Arlen, whose book Me and God is still on the best-seller list 20 years after its initial publication, is a cuss-prone, toy-monster-collecting misanthrope whose bad back leads him, crawling on all fours, to Elizabeth's office. "You might not be cured, but you're going to feel a lot better, I promise," she says as she aligns the crank's vertebrae, tidily summing up Hindman's platitudinous script. A tentative courtship begins over dinner, with Arlen assuring Elizabeth -- wondering whether she's doing enough with her life -- that she is God's muse. The dyad soon becomes a trio of broken souls, as Kris, in and out of AA meetings and the squalid apartment he shares with his pickled pop, shows up on the doorstep of Arlen's townhouse for metaphysical guidance.

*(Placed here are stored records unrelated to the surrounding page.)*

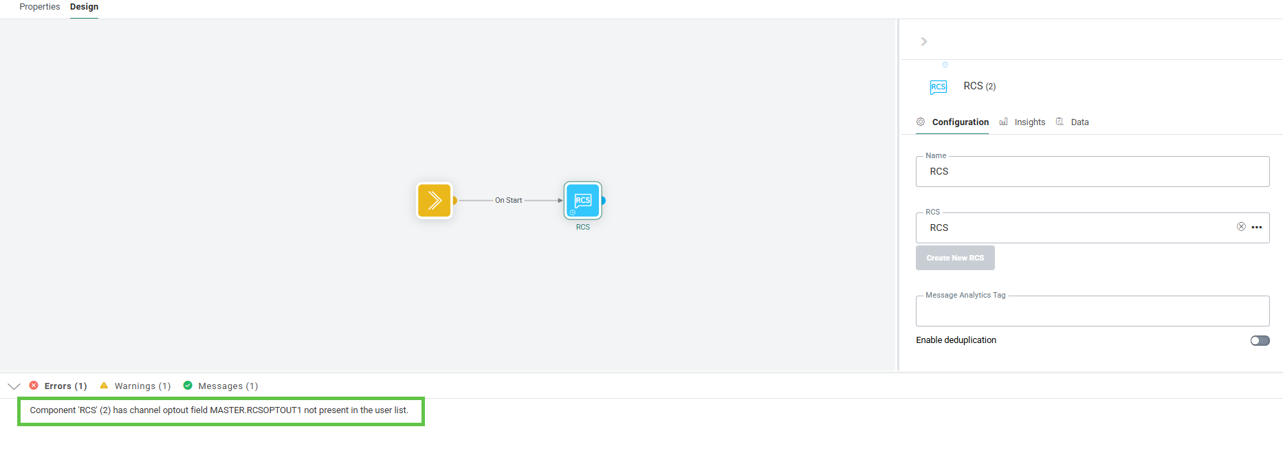 For example, when you add an SMS to a journey that uses an SMS channel endpoint, the system relies on the SMSOptout field to store the channel-specific opt-out information. During validation, the journey checks whether this SMSOptout field exists in the Audience List being used. If the field is missing, a validation error is displayed and the journey cannot be published.
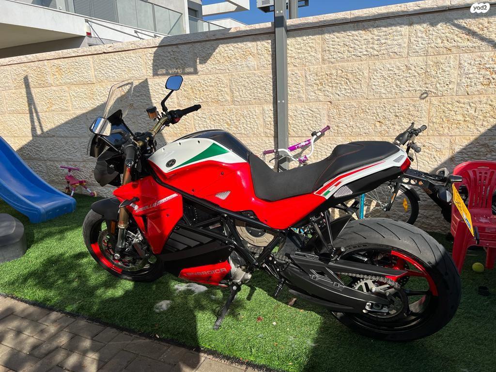 Energica Eva Ribelle Tricolorדגם מיוחד, לדעתי היחיד בארץ. ניתן לראות באתר הרשמי של אנרג?יקה.האופנוע ואולי גם הכל רכב הכי מהיר על הכביש. 2.6 למאה. 7.8 למאתיים.תוספות מקוריות: התנעה ללא מפתח, טנק ?דלק? מקרבון, משקף גבוה, אומים וברגים מושחרים.צמיגים חדשים מקוריים מהחודש. (מאי)אופנוע כזה חדש עולה מעל 155,000.
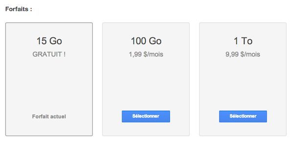 Google conserve aussi ses offres haut de gamme, dont les prix ont aussi fondu, mais qui restent onéreuses : comptez 99,99 $ (72,20euros) pour 10 To, 199,99 dollars (144,40 euros) pour 20 To et 299,99 $ (216,61 euros) pour…. 30 To !
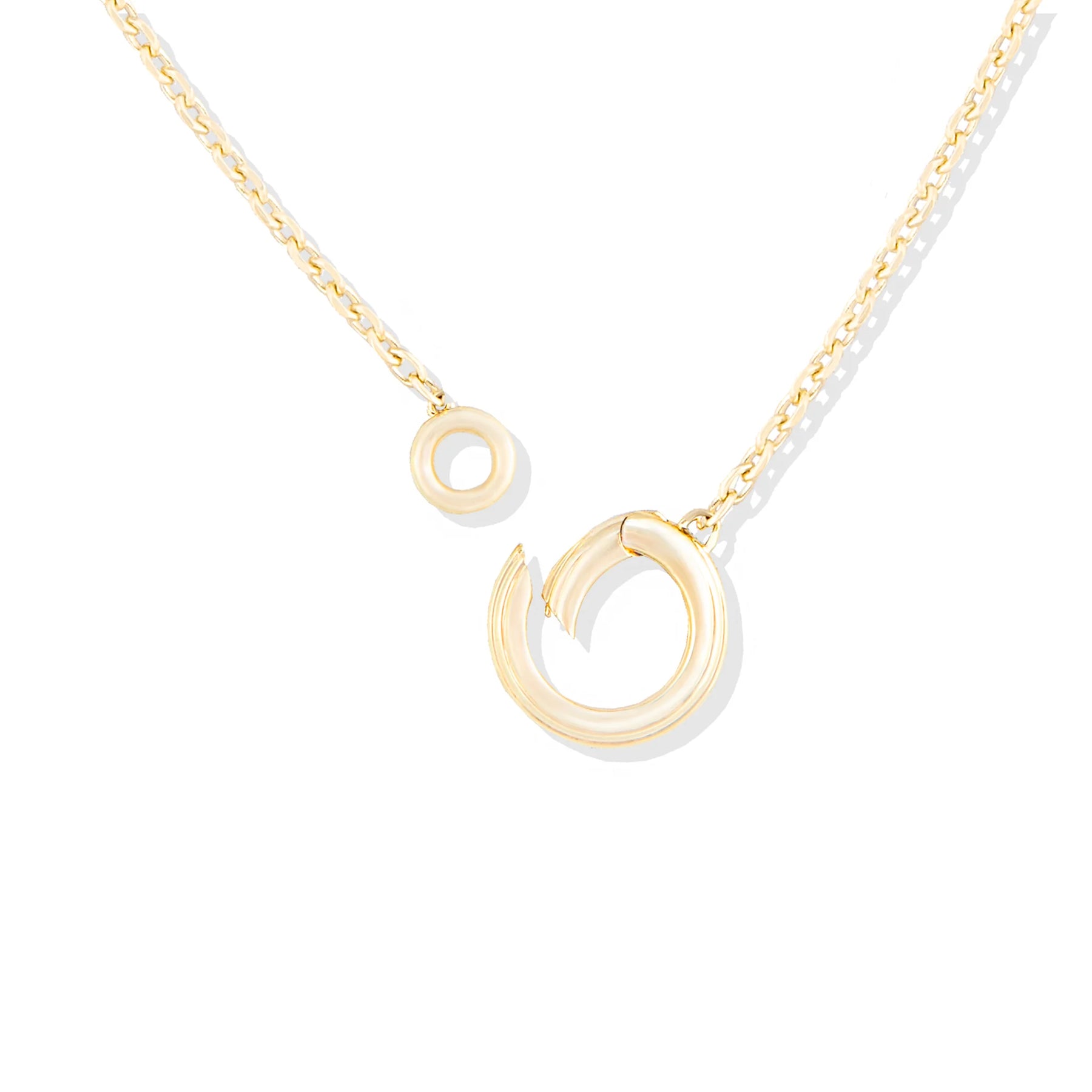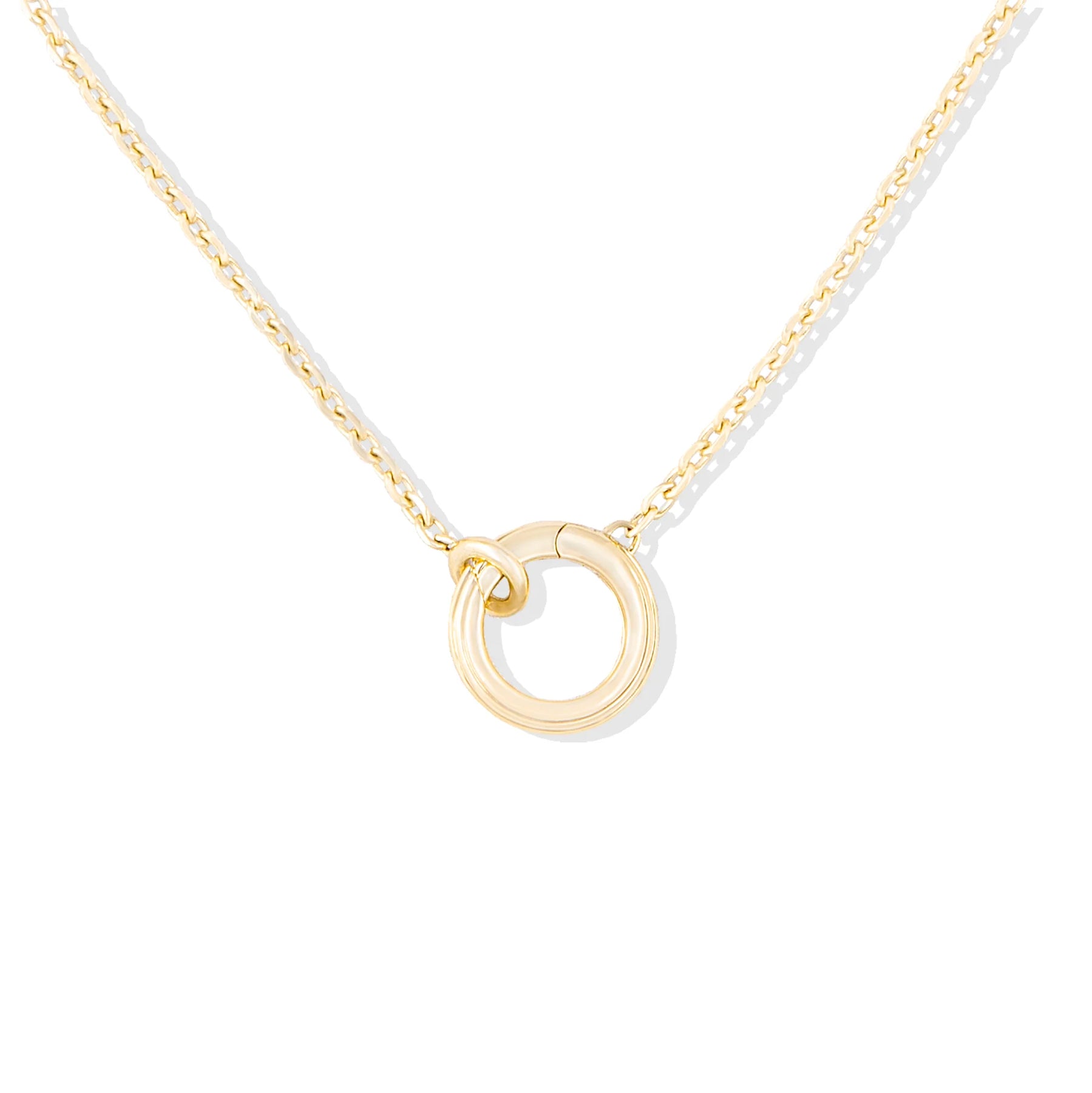 14kt yellow gold charm loop necklace.  The charm loop is attached securely to one of our beautiful chains and opens easily to allow your charm collection to change or grow over time.  An absolute must for any jewelry collection, a charm loop allows you to mix and match your charm collection. Chain is adjustable to 16 or 18 inches.

If God is in the details, Hindman doesn't really care: We learn little about the book that made Arlen a spiritual guide to millions for two decades, only that it, like all self-help treatises, is worthy of our scorn -- an especially hypocritical stance in a movie cluttered with indie-film bromides and easy soul-salving. Fortunately, Daniels and Graham, in roles similar but inferior to earlier, indelible characters they've played (Daniels as a self-obsessed novelist in The Squid and the Whale; Graham's complex solo parent in The Gilmore Girls), rise above the material, bringing nuance to their innumerable moments of emotional woundedness. Though Olivia Thirlby and Kat Dennings appear in wasted minor roles in a seemingly desperate attempt to shoehorn in Gen Y stars, The Answer Man does at least offer the pleasure of seeing two gifted adult actors onscreen, even if what comes out of their mouths is never more sophisticated than the lyrics to Joan Osborne's "One of Us."